- Source material -

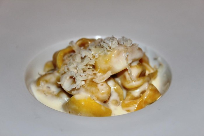 I piatti mangiati sono emozionanti dal primo all’ultimo, si parte dall’omaggio a Ferran Adrià e al suo Bulli però in chiave assolutamente italiana: aulla in carpione, macaron al pomodoro e mozzarella di bufala, caldo freddo di limoncello. Arrivano poi i meravigliosi tortelli cotti al vapore con gamberi e gelatina di cotechino, crema di lenticchie e lenticchie croccanti.
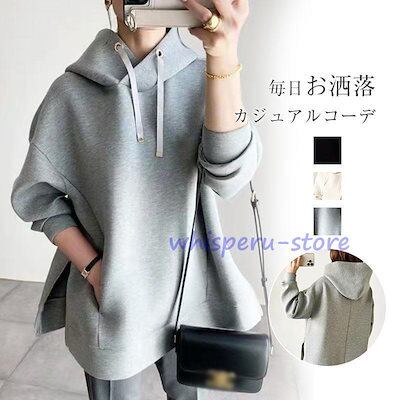 スウェット パーカー レディース 長袖パーカー プルオーバー 大きいサイズ 春 秋 冬 ゆったり トレーナー トップス おしゃれ スリット
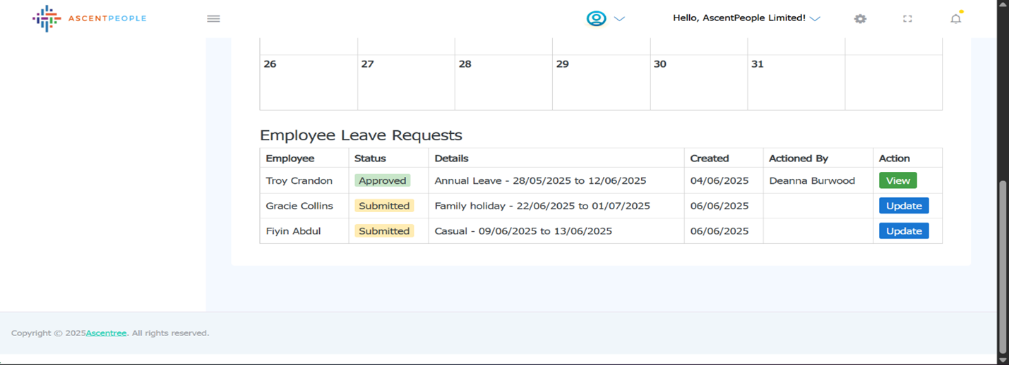 This gives an overview of all the employees on leave.
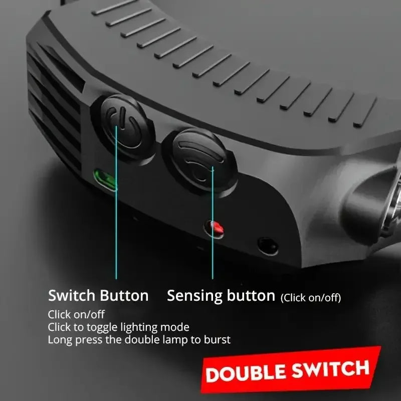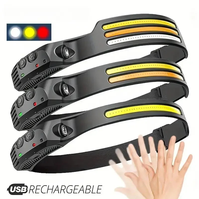 Multi-functional COB Headlamp Induction 6000K LED Bar Head Torch Work Light 5 Modes Rechargeable for Climbing Running Cycling
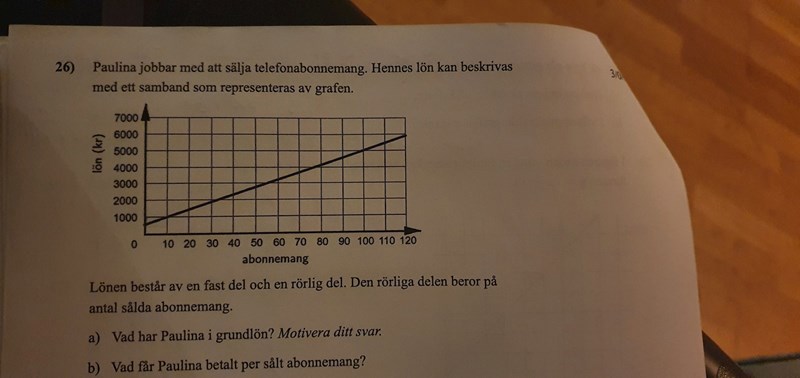 Tips på a-uppgiften: Grundlönen är hur mycket Paulina får vid 0 sålda abonnemang.
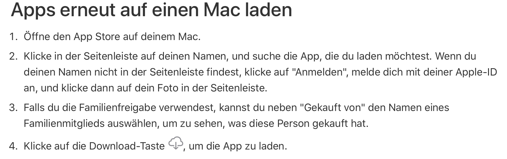 schaue dir dazu einmal den folgenden Support Artikel an und gehe auf dem Mac wie folgt vor: Apps und Spiele erneut von Apple laden
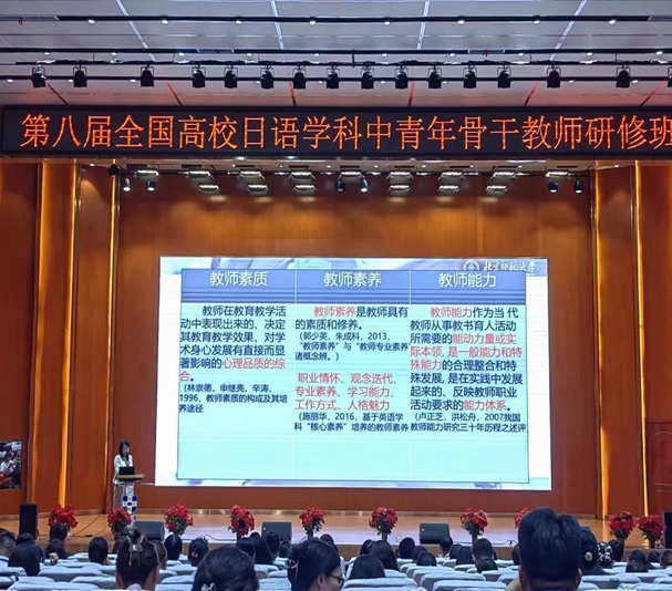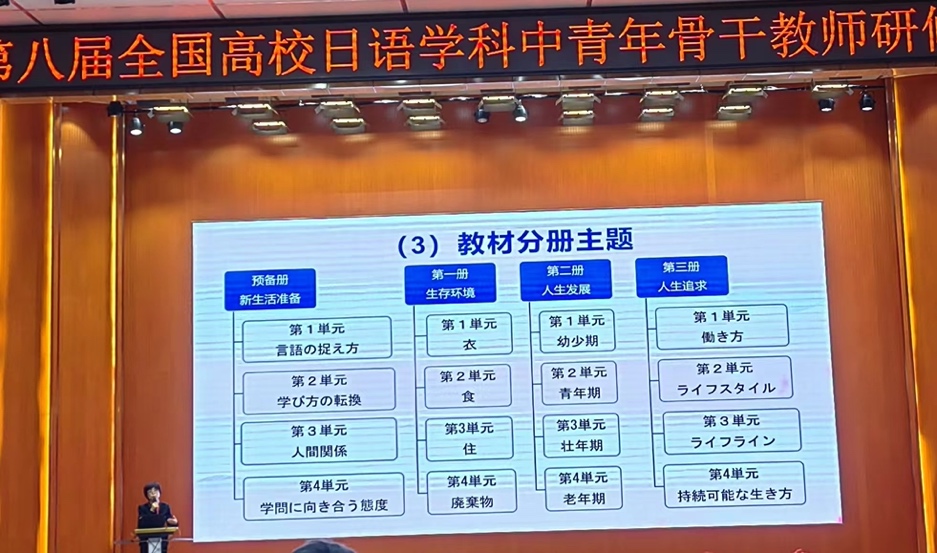 北京语言大学的杨峻教授以“四新”背景下的大学日语课程体系构建为题展开了专题报告。在报告中介绍了“四新”产生的过程,并在此过程中需要关注的关键词。根据《大学日语指南》中指出的培育国家情怀,服务国家战略与学生专业学习以及注重技术创新等要求进行大学日语课程体系的构建就极为重要。明确大学日语的课程性质是“通识教育的一个重要组成部分,兼具工具性和人文性。培养独立人格与独立思考的可贵品质是其终极目标。”为了实现这个目标教师的作用是不可替代的,教材的选用方面应注意分析学情,根据学情选择合适的教材。杨教授结合自己的教授经验介绍了《新一代大学日语》的各册内容构成。为日语教学提供了新的视角和方法。
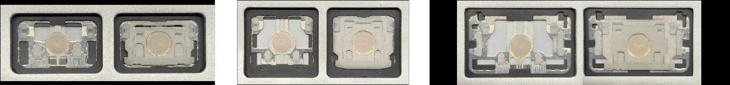 - Om het juiste model te kiezen, vergelijk de lege plek op jouw toetsenbord met de onderstaande foto’s, of verwijder de toets “A” – daaronder zit altijd een middelgrote clip.
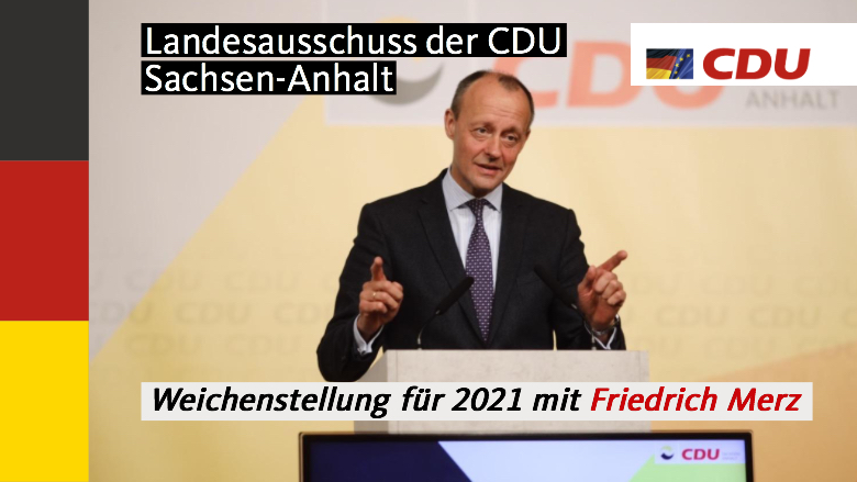 Nach den Grußworten des Ministerpräsidenten Reiner Haseloff und des Magdeburger Kreisvorsitzenden Tobias Krull MdL folgte der rednerische Höhepunkt der Veranstaltung. In seiner mitreißenden Rede spannte Friedrich Merz einen Bogen von den Kommunal-, Europa- und Landtagswahlen zu den Zukunftsthemen der Gesellschaft. Im Mittelpunkt stand zunächst die Außen- und Sicherheitspolitik. Friedrich Merz errinnerte an die friedliche Revolution von 1989 und stellte klar, dass wir gerade jetzt in der Weltpolitik wieder vor großen Herausforderungen stehen. Allein in den letzten 4 Jahren sind mit dem Brexit, der Russland-Ukraine Krise, der Präsidentschaftswahl in den USA und dem 90. Parteitag der KP Chinas Konflikte entstanden, auf die auch die deutsche Gesellschaft und die CDU Antworten finden müssen. Weitere Schwerpunkte waren die Entwicklungen in der Umwelt- und Energiepolitik sowie Wirtschafts- und Sozialfragen. Neben der notwendigen inhaltlichen Diskussion betonte Friedrich Merz, dass die CDU mit Optimismus und Freude an der politischen Arbeit die Herausforderungen der Zukunft annehmen muss. Mit den Worten "es liegt an uns" beendete er unter anhaltenden Applaus der Delegierten seine Ansprache an den Landesausschuss.
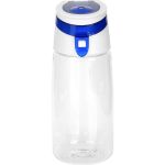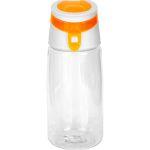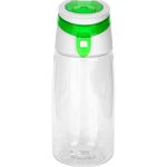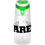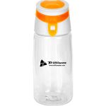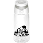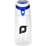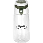 Stay hydrated on the go with our 18 oz. refillable water bottle, crafted from recycled PET material for an eco-friendly choice. The convenient screw-on/flip top lid ensures no spills, while the easy-carry pop-up handle makes it a breeze to take with you wherever you go. Rest assured, this bottle is BPA-free for your peace of mind. Please note, this bottle is not recommended for use in the dishwasher or microwave, but it is perfect for staying hydrated throughout your day. Complies with FDA, Prop 65. 2.75″ D x 7.375″ H
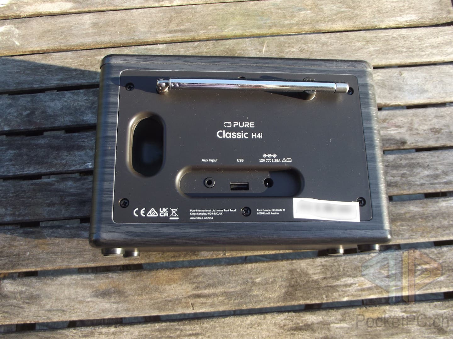 Der Pure Classic H4i ist 1.2 kg leicht und misst 140 x 285 x 117 mm. Das in Schwarz und Esche gehaltene Gerät empfängt DAB-Signale von 175 bis 240 MHz und ist damit nahezu weltweit einsetzbar. Daneben kann das Radio klassisch Ultrakurzwelle (UKW bzw. englisch FM) empfangen. Dafür liegt der Frequenzbereich von 87.5 MHz bis 108 MHz an; wie gehabt. Hinzu kommt Bluetooth 5.3 zum Audioempfang und ein 3.5-mm-Stereoklinkeneingang auf der Rückseite. Dort sind auch der USB-Anschluss und der Stromeingang für das mitgelieferte Netzteil mit 12 V und 1.25 A, also 15 W, untergebracht und zudem die ausziehbare Teleskopantenne verbaut.
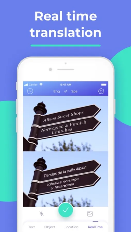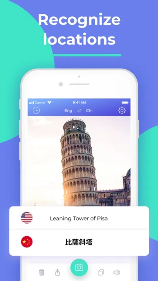 Use your camera to scan & translate texts or documents. Detect objects and recognize locations with one touch. Take a photo and translate anything!

- Activity -
The listing above should be transcribed word for word, with its pictures left out.

- Task result -
 I piatti mangiati sono emozionanti dal primo all’ultimo, si parte dall’omaggio a Ferran Adrià e al suo Bulli però in chiave assolutamente italiana: aulla in carpione, macaron al pomodoro e mozzarella di bufala, caldo freddo di limoncello. Arrivano poi i meravigliosi tortelli cotti al vapore con gamberi e gelatina di cotechino, crema di lenticchie e lenticchie croccanti.
 スウェット パーカー レディース 長袖パーカー プルオーバー 大きいサイズ 春 秋 冬 ゆったり トレーナー トップス おしゃれ スリット
 This gives an overview of all the employees on leave.
 Multi-functional COB Headlamp Induction 6000K LED Bar Head Torch Work Light 5 Modes Rechargeable for Climbing Running Cycling
 Tips på a-uppgiften: Grundlönen är hur mycket Paulina får vid 0 sålda abonnemang.
 schaue dir dazu einmal den folgenden Support Artikel an und gehe auf dem Mac wie folgt vor: Apps und Spiele erneut von Apple laden
 北京语言大学的杨峻教授以“四新”背景下的大学日语课程体系构建为题展开了专题报告。在报告中介绍了“四新”产生的过程,并在此过程中需要关注的关键词。根据《大学日语指南》中指出的培育国家情怀,服务国家战略与学生专业学习以及注重技术创新等要求进行大学日语课程体系的构建就极为重要。明确大学日语的课程性质是“通识教育的一个重要组成部分,兼具工具性和人文性。培养独立人格与独立思考的可贵品质是其终极目标。”为了实现这个目标教师的作用是不可替代的,教材的选用方面应注意分析学情,根据学情选择合适的教材。杨教授结合自己的教授经验介绍了《新一代大学日语》的各册内容构成。为日语教学提供了新的视角和方法。
 - Om het juiste model te kiezen, vergelijk de lege plek op jouw toetsenbord met de onderstaande foto’s, of verwijder de toets “A” – daaronder zit altijd een middelgrote clip.
 Nach den Grußworten des Ministerpräsidenten Reiner Haseloff und des Magdeburger Kreisvorsitzenden Tobias Krull MdL folgte der rednerische Höhepunkt der Veranstaltung. In seiner mitreißenden Rede spannte Friedrich Merz einen Bogen von den Kommunal-, Europa- und Landtagswahlen zu den Zukunftsthemen der Gesellschaft. Im Mittelpunkt stand zunächst die Außen- und Sicherheitspolitik. Friedrich Merz errinnerte an die friedliche Revolution von 1989 und stellte klar, dass wir gerade jetzt in der Weltpolitik wieder vor großen Herausforderungen stehen. Allein in den letzten 4 Jahren sind mit dem Brexit, der Russland-Ukraine Krise, der Präsidentschaftswahl in den USA und dem 90. Parteitag der KP Chinas Konflikte entstanden, auf die auch die deutsche Gesellschaft und die CDU Antworten finden müssen. Weitere Schwerpunkte waren die Entwicklungen in der Umwelt- und Energiepolitik sowie Wirtschafts- und Sozialfragen. Neben der notwendigen inhaltlichen Diskussion betonte Friedrich Merz, dass die CDU mit Optimismus und Freude an der politischen Arbeit die Herausforderungen der Zukunft annehmen muss. Mit den Worten "es liegt an uns" beendete er unter anhaltenden Applaus der Delegierten seine Ansprache an den Landesausschuss.
 Stay hydrated on the go with our 18 oz. refillable water bottle, crafted from recycled PET material for an eco-friendly choice. The convenient screw-on/flip top lid ensures no spills, while the easy-carry pop-up handle makes it a breeze to take with you wherever you go. Rest assured, this bottle is BPA-free for your peace of mind. Please note, this bottle is not recommended for use in the dishwasher or microwave, but it is perfect for staying hydrated throughout your day. Complies with FDA, Prop 65. 2.75″ D x 7.375″ H
 Der Pure Classic H4i ist 1.2 kg leicht und misst 140 x 285 x 117 mm. Das in Schwarz und Esche gehaltene Gerät empfängt DAB-Signale von 175 bis 240 MHz und ist damit nahezu weltweit einsetzbar. Daneben kann das Radio klassisch Ultrakurzwelle (UKW bzw. englisch FM) empfangen. Dafür liegt der Frequenzbereich von 87.5 MHz bis 108 MHz an; wie gehabt. Hinzu kommt Bluetooth 5.3 zum Audioempfang und ein 3.5-mm-Stereoklinkeneingang auf der Rückseite. Dort sind auch der USB-Anschluss und der Stromeingang für das mitgelieferte Netzteil mit 12 V und 1.25 A, also 15 W, untergebracht und zudem die ausziehbare Teleskopantenne verbaut.
 Use your camera to scan & translate texts or documents. Detect objects and recognize locations with one touch. Take a photo and translate anything!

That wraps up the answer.